I am trying to calculate person time for an analysis where I have individual study IDs spanning multiple observations.
I have the data in a format where there is essentially a 0/1 indicator for if they existed during a month (mon1, mon2... mon50 etc.), as well as exposure status and group type they were a part of during that month.

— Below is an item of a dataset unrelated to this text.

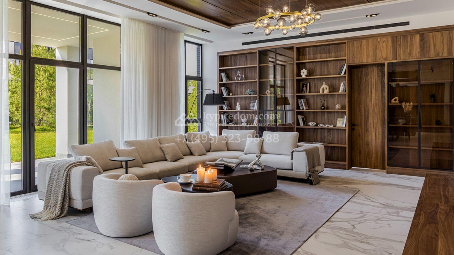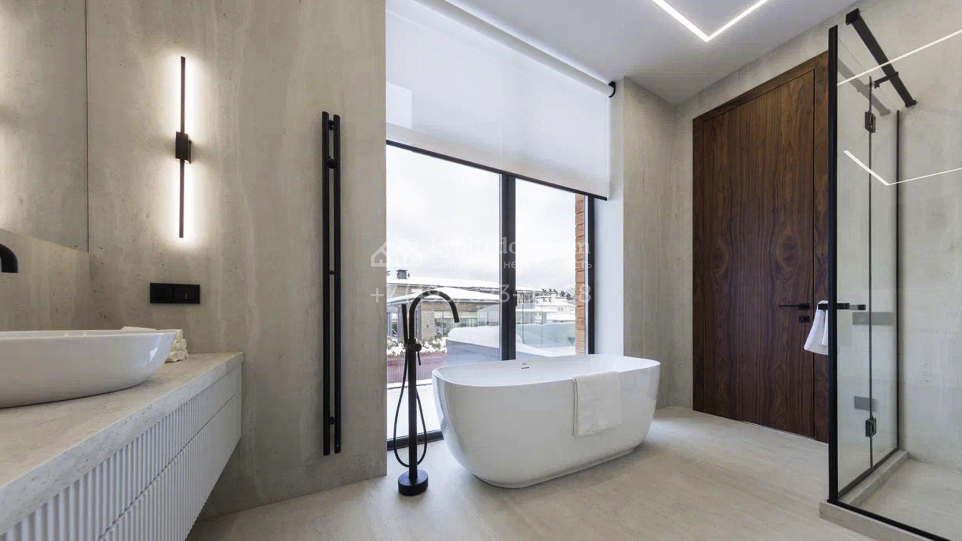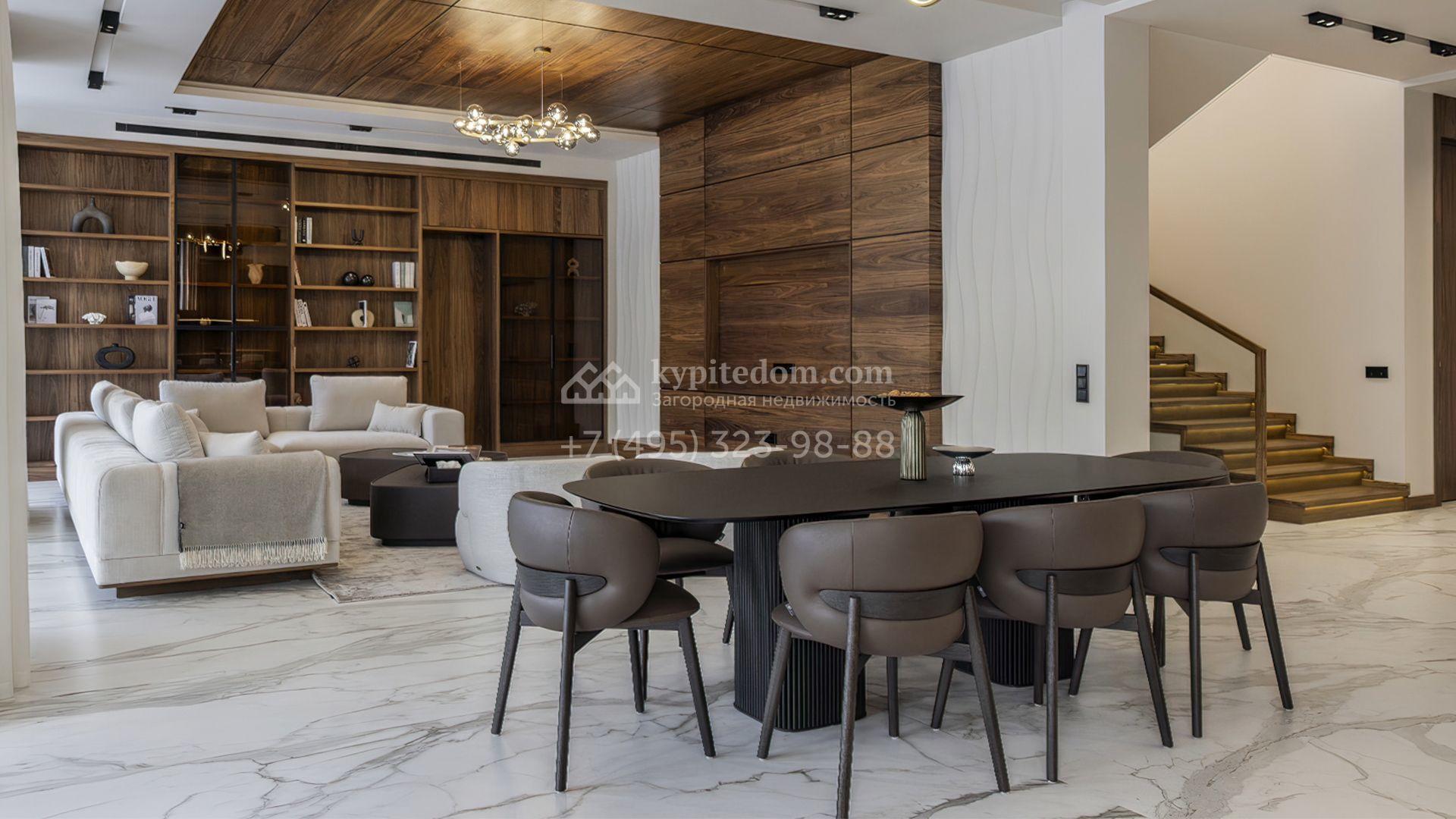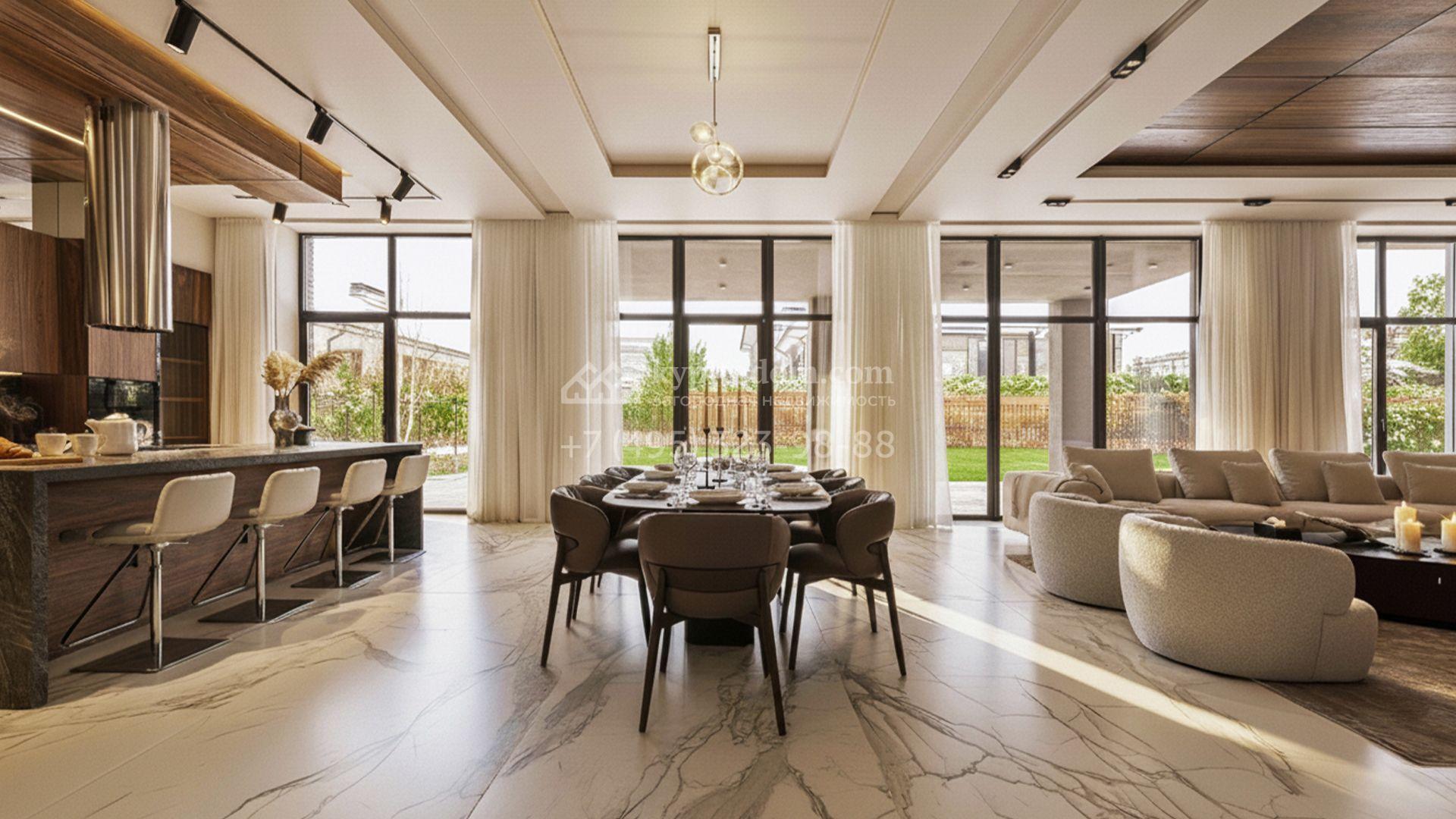 Интерьеры оформлены в современном стиле, где преобладают мягкие нейтральные оттенки. Натуральные древесные текстуры вносят акценты, добавляя пространству теплоту и сложность. Панорамные окна и многоуровневые потолки с тщательно продуманным освещением создают игру света и тени, создавая атмосферу уюта и гармонии. Дом полностью меблирован и укомплектован техникой от ведущих производителей.

I want to confirm this was formatted correctly and that there is not any overlap for any given subject across their observations. In other words, the max they can contribute is 1 month for a given month across any observations.
Is there any easy way to test this? I'm thinking of creating a flag variable to indicate if an overlap occurs, but can't figure out how to do it.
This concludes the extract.